Ответ удовлетворил Фейхтвангера. Заметим: в этой связи странную особенность тех лет, так чувствующуюся в романе Кёстлера: сакрализацию политической жизни в официально атеистическом движении. Мысли Рубашова о распятии и расплате, слова Сталина о массовом явлении «синдрома Иуды»… Но это сакрализация наизнанку – христианский миф был травестирован и извращен, ибо Иудами, по сути дела, были те, что обвиняли в предательстве других. Вместе с тем не случайно, что Рубашова ждет расплата за предательство. Но не за то, в котором его заставят признаться. Он предавал доверившихся ему людей (Рихарда, малютку Леви, любимую женщину), полагая, что все средства допустимы ради достижения Светлой Цели.

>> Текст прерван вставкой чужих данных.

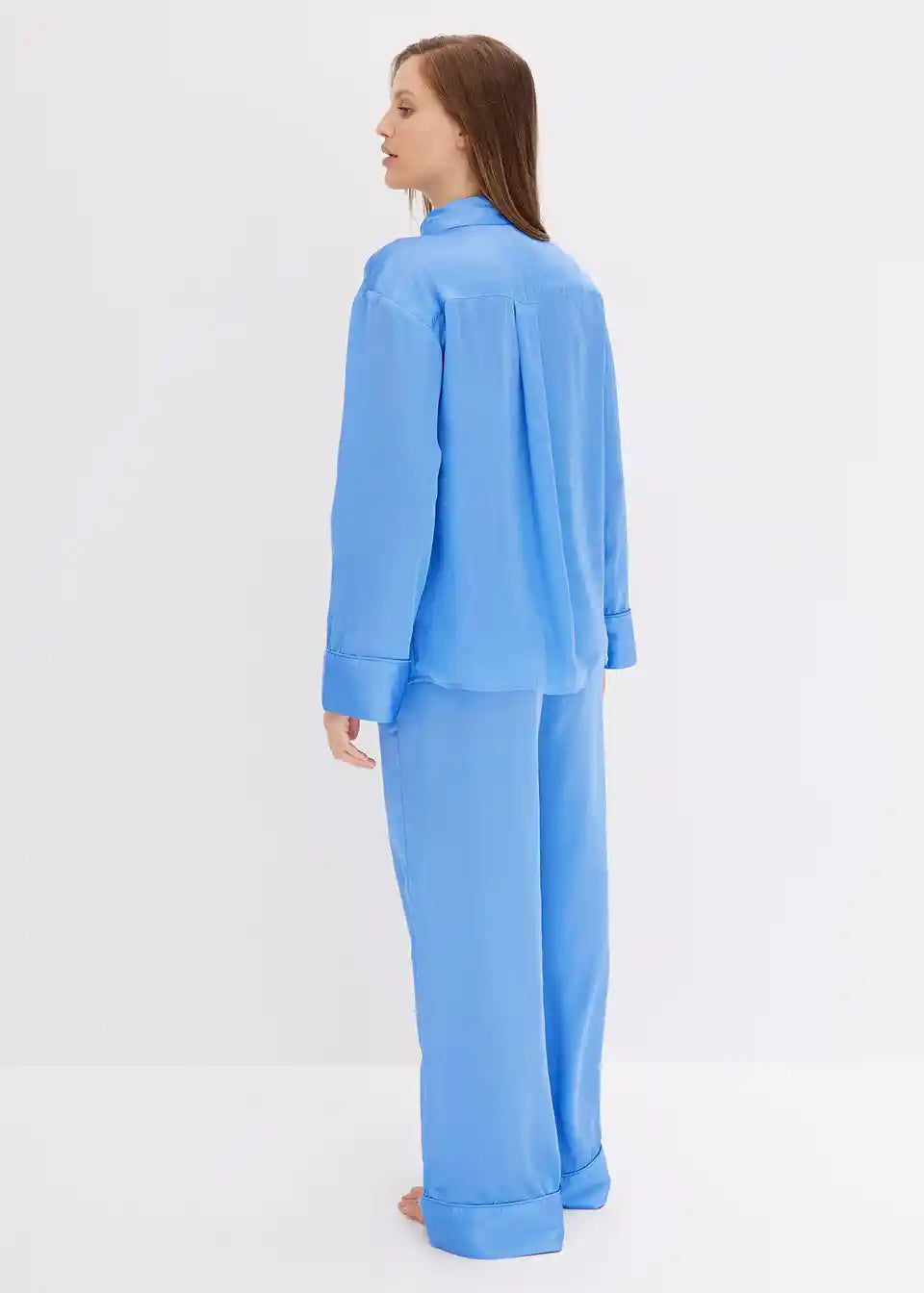 Moderna široko krojena pižama iz satena z prsnim žepom

Более того, самооговор, совершенный им во имя все той же Светлой Цели, в сущности, оказывается предательством в квадрате: он не только обеляет Черного Властелина страны, называя себя изменником Высоких Замыслов и Свершений, но и в самом деле предает идеалы гуманизма и человечности. Убеждая миллионы в существовании массового вредительства, он усиливает тем самым в соотечественниках «комплекс Иуды». И вот уже дочь дворника Василия, бывшего бойца из бригады Рубашова, внимательно следит за поведением отца, думая донести на него, чтобы освободить жилплощадь для себя и мужа.

Эту трагедию народа можно было разглядеть и уж во всяком случае сказать о ней только издали. Русские мыслители, оказавшиеся за рубежом Родины, в ужасе вопрошали, глядя на кровавую вакханалию сталинских расправ:

«Что будет с нацией, которая вот уже 20 лет как положила в основу воспитания своих граждан, с самого нежного детства, подражание Иуде?»[17].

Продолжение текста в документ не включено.